Collecting Social Media Identifiers from Visa Applicants
Foreign nationals who apply for immigrant and nonimmigrant visas, including work visas, are now required to provide their social media identifiers to the Department of State (DOS) when applying for a visa. The DOS explains that collecting this additional information will assist the government in vetting applicants and confirming their identities.
This new interest in the social media posts of visa applicants has resulted in many foreign nationals taking a critical look at their present and past posts to see if any of those posts could provide grounds for the U.S. denying them a visa. In some cases, foreign nationals are abandoning or at least curtailing their social media presence in light of this new initiative.
The New Wave of Social Security Mismatch Letters
Beginning in March of 2019, the Social Security Administration (“SSA”) once again began issuing “no match” letters to employers having at least one name and Social Security Number (“SS#”) submitted on wage and tax statements that do not match the SSA’s records. Receipt of such a letter does not by itself establish that the employee in question is an undocumented worker or that he/she is using a fake social security number. Indeed, the letter from the SSA specifically states that employers should not take adverse action against any employee based solely on the mismatch letter.
Companies receiving mismatch letters should consider checking their records with the employees listed in the letter to ensure that the company recorded the correct social security number on the wage and tax statements. If that does not resolve the issue, the company should direct any employees with an open case to the SSA office to resolve the issue, as it is possible that someone else is misusing the employee’s social security number. If the employee returns with an entirely new social security number, companies should consult with counsel about next steps, as some state laws limit what action an employer can take is this circumstance.

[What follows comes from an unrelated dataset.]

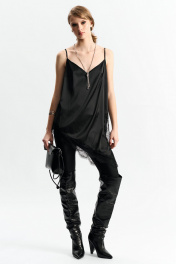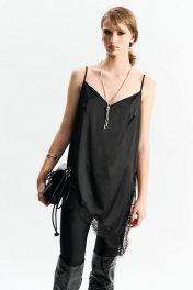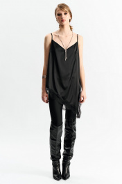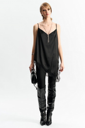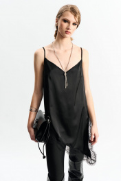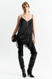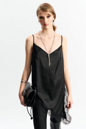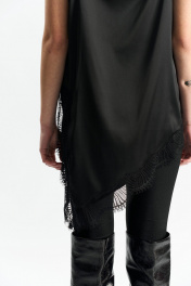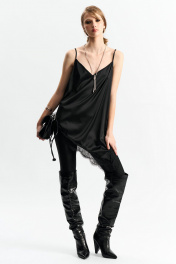 Удлиненная топ-комбинация из атласа черного цвета. Асимметричный низ и разрез по боку. По низу - французское кружево.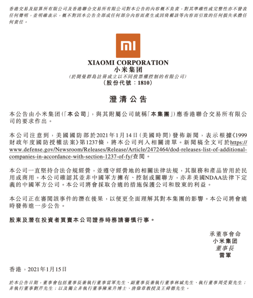 在特朗普政府任期最后一周,美国国防部将小米这家电子企业列入到了「涉军」黑名单中。

Any time a company receives a mismatch letter, employers ought to contemplate a Form I-9 audit to ensure that they are in good order and make any updates or amendments that are appropriate. When Immigration and Customs Enforcement conducts an I-9 audit, they will typically ask to see prior mismatch letters and will want to know what the Company did with those letters once received. Therefore, employers should consider promptly addressing the mismatch issue and keep a record of the steps taken.